A recent study suggests that the Sleeping Sound intervention showed sustained improvements in child sleep among autistic children. The study’s findings were published in the Journal of Autism and Developmental Disorders.

This was a randomized controlled trial which included 150 autistic children aged 5-13 years, who had sleep problems. They were randomized either to the Sleeping Sound intervention or Treatment as Usual (TAU).

At the 12-month follow-up, the caregivers of the children reported a greater reduction in sleep problems in the Sleeping Sound group when compared to the TAU group. Those children who were taking sleep medication, children with greater autism severity, and children of parents who were not experiencing psychological distress showed greater long-term benefits with the intervention. Based on the above results, it can be concluded that Sleeping Sound intervention may show sustained improvements in child sleep.

Evaluation of the diagnostic accuracy of point-of-care ultrasound for pediatric distal forearm fractures

According to a recent study, clinician-performed point-of-care ultrasound proved to be more precise in diagnosing clinically nondeformed distal forearm injuries in children and adolescents compared to clinician-interpreted radiographic imaging. The findings of this study were published in the journal, Annals of emergency medicine.

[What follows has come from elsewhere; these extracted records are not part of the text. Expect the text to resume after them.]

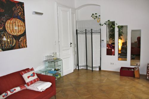Gemütliche Praxis in Salzburg-Nonntal, geeignet für Einzeltherapie und Paartherapie. Gute Anbindung an Öffentliche Verkehrsmittel und Parkplätze in der näheren Umgebung.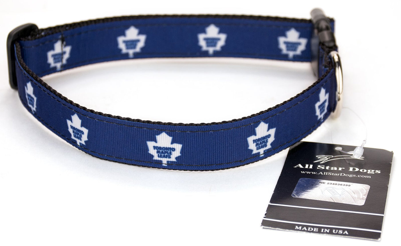 Q: Is the Toronto Maple Leafs Ribbon Dog Collar an officially licensed product?A: Yes, this collar is an officially licensed product, ensuring that it meets quality standards and features authentic team logos and colors.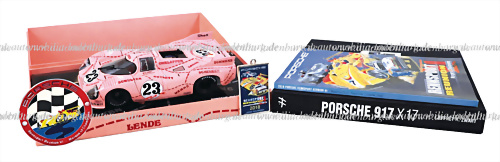 Konvolut darunter Buch "Porsche 917x17" von Jeffrey R. Swart, 264 Seiten deutscher Text, im Leinenumschlag, limitierte Auflage (0830), dazu Programmheft Rennsport Reunion 2018, inkl. Plakette und Schlüsselanhänger, Modellauto Porsche 917, 1:18 Hersteller "Minichamps" mit Sound
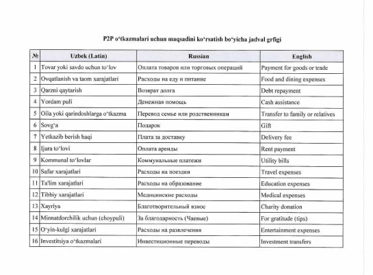 По требованию Центрального банка Узбекистана в мобильных приложениях банков и платёжных организаций введён обязательный порядок указания цели перевода при осуществлении переводов с карты на карту (P2P).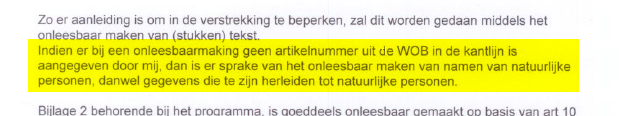 De absurditeit van het wegstrepen. En dan te bedenken dat de overheid nog meer redenen voor het weigeren van informatie wil introduceren. We schreven het al eerder: maak het ons makkelijker, dat kost iedereen minder tijd, moeite en ergernis.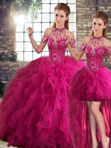Charming Fuchsia Three Pieces Halter Top Sleeveless Tulle Floor Length Lace Up Beading and Ruffles Quinceanera Dresses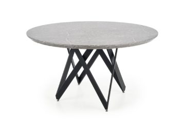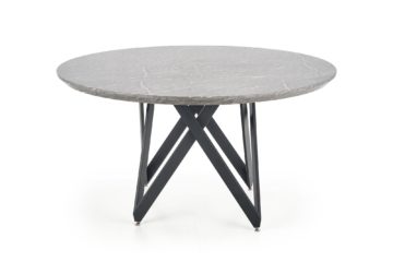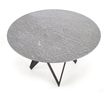 Okrugli blagovaonski stol Gustimo sadrži preplitajuče crno podnožje izrađeno iz čvrstog čelika. Gornja površina izrađena je iz visokokvalitetnog laminiranog MDF-mediapana i obojana u prekrasnu nijansu sivog mramora.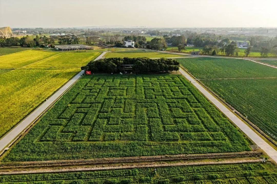 巨型油菜迷宫以精巧布局展露独特风貌,规模相当于23个标准篮球场。据介绍,这片油菜迷宫依托北斗卫星定位技术进行精准测绘与种植,采用紫叶黄花、绿叶黄花两种油菜间隔种植,色彩交错勾勒出独特图案,兼具观赏性与互动性。远远望去,油菜迷宫如大地铺展的绿色拼图,深浅交织的花田勾勒出蜿蜒脉络,仿佛《绿野仙踪》里写到的那处藏在田野间的秘境,静待游人开启这场春日探险。这处还在春日里茁壮成长的油菜迷宫,早已刷屏朋友圈,网友们称其为成都版“绿野仙踪”。

This was an open-label, multicenter, diagnostic randomized controlled trial where 270 participants were enrolled. Eligible patients were randomly assigned to undergo initial imaging either through point-of-care ultrasound conducted by an emergency department (ED) clinician or through radiography (135 randomized to each imaging group). The primary outcome was the treating clinician's diagnostic accuracy in comparison to the reference standard diagnosis. The reference standard diagnosis was determined retrospectively by a panel of experts, which included an emergency physician, pediatric orthopedic surgeon, and pediatric radiologist. This panel thoroughly reviewed all imaging and follow-up data.

At the end of the study, it was observed that in the point-of-care ultrasound group, 132 (97.8%) participants were accurately diagnosed by ED clinicians, while in the radiograph group, 112 (83.0%) participants received correct diagnoses. Point-of-care ultrasound demonstrated superior accuracy in detecting "buckle" fractures (AD=18.5%) and "other" fractures (AD=17.1%).

Thus, it can be concluded that clinician-performed point-of-care ultrasound demonstrated superior accuracy in diagnosing clinically nondeformed distal forearm injuries in children and adolescents compared to clinician-interpreted radiographic imaging in the ED.